Raw data Block Start
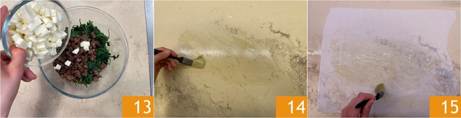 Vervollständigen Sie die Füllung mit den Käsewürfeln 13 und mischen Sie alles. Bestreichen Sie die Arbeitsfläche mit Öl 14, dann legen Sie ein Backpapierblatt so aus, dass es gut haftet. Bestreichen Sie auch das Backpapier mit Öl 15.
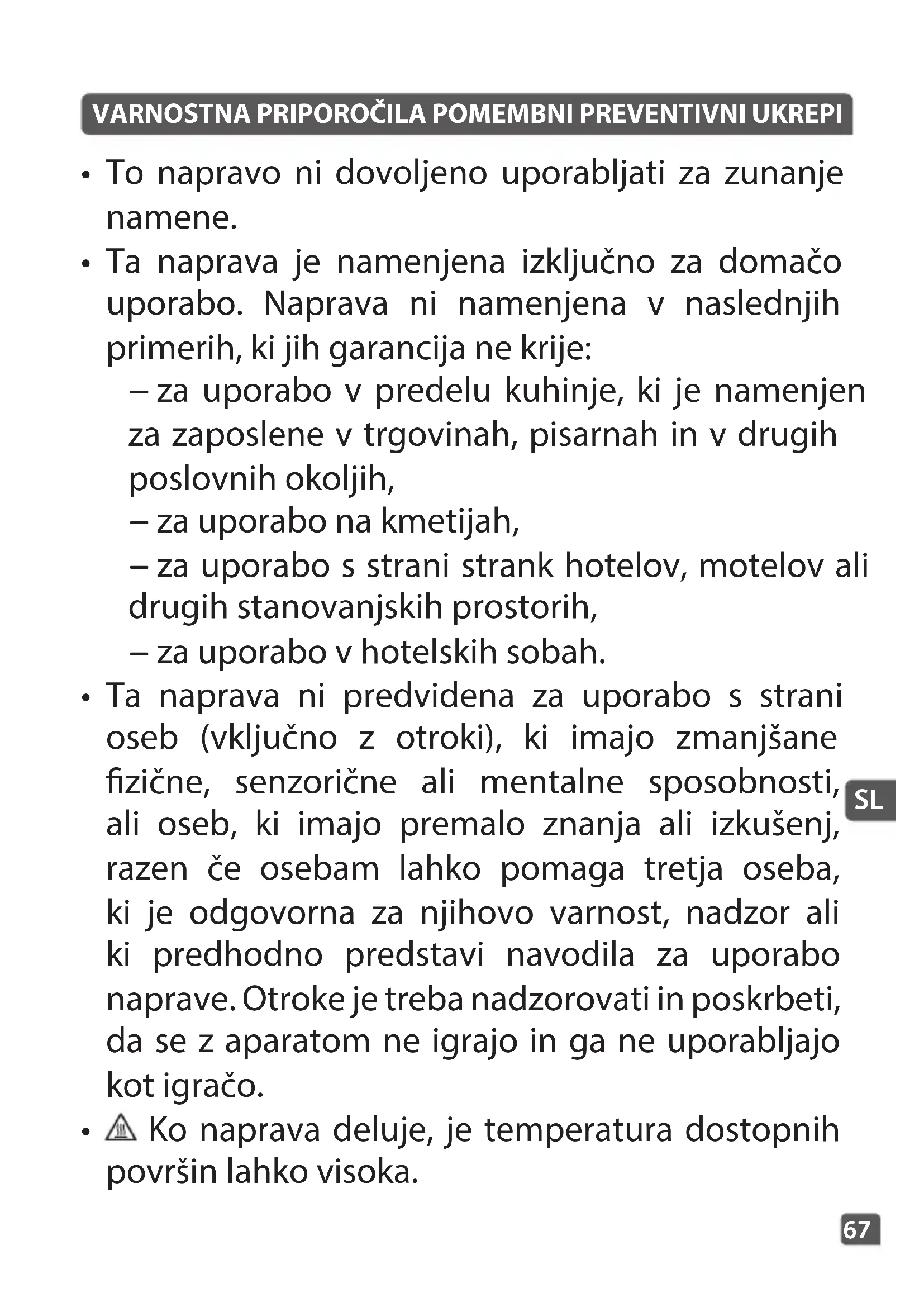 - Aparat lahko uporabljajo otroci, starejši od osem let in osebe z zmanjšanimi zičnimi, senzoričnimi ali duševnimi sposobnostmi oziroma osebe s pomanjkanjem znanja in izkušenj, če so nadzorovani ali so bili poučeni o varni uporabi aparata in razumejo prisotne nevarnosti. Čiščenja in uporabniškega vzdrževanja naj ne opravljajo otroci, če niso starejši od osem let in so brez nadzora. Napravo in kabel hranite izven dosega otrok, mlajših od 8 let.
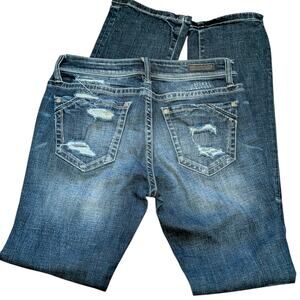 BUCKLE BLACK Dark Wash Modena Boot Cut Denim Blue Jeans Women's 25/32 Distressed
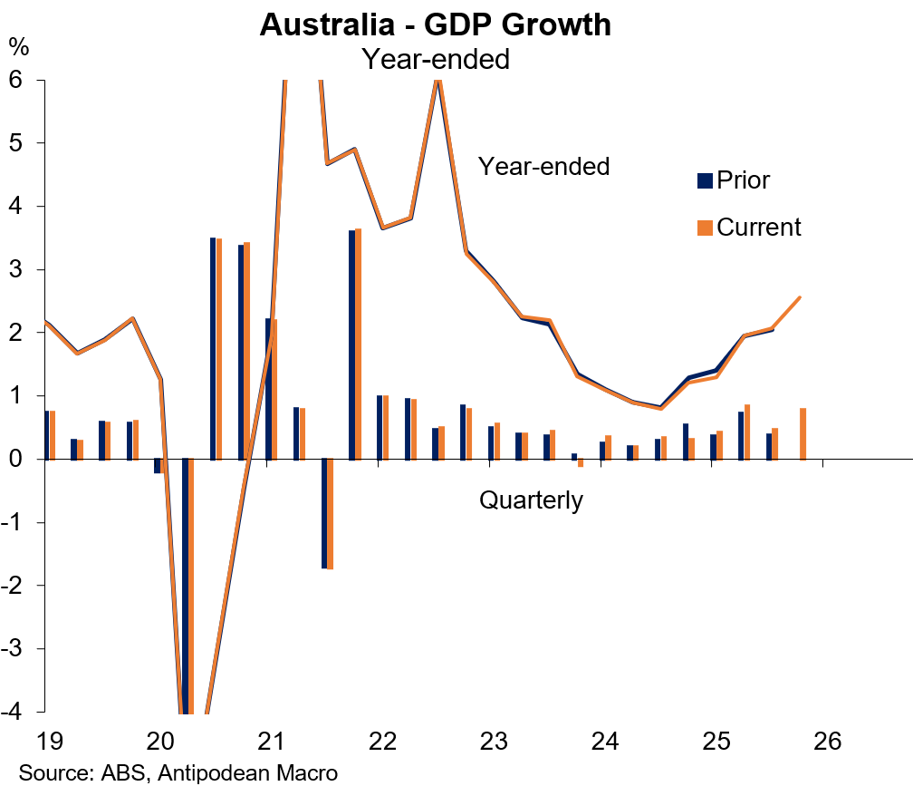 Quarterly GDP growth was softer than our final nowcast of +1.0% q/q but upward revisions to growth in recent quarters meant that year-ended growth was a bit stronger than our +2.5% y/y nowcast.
Raw data Block End
Exercise details
Any picture in the material is to be dropped; the rest is repeated exactly.

Exercise result
 Vervollständigen Sie die Füllung mit den Käsewürfeln 13 und mischen Sie alles. Bestreichen Sie die Arbeitsfläche mit Öl 14, dann legen Sie ein Backpapierblatt so aus, dass es gut haftet. Bestreichen Sie auch das Backpapier mit Öl 15.
 - Aparat lahko uporabljajo otroci, starejši od osem let in osebe z zmanjšanimi zičnimi, senzoričnimi ali duševnimi sposobnostmi oziroma osebe s pomanjkanjem znanja in izkušenj, če so nadzorovani ali so bili poučeni o varni uporabi aparata in razumejo prisotne nevarnosti. Čiščenja in uporabniškega vzdrževanja naj ne opravljajo otroci, če niso starejši od osem let in so brez nadzora. Napravo in kabel hranite izven dosega otrok, mlajših od 8 let.
 BUCKLE BLACK Dark Wash Modena Boot Cut Denim Blue Jeans Women's 25/32 Distressed
 Quarterly GDP growth was softer than our final nowcast of +1.0% q/q but upward revisions to growth in recent quarters meant that year-ended growth was a bit stronger than our +2.5% y/y nowcast.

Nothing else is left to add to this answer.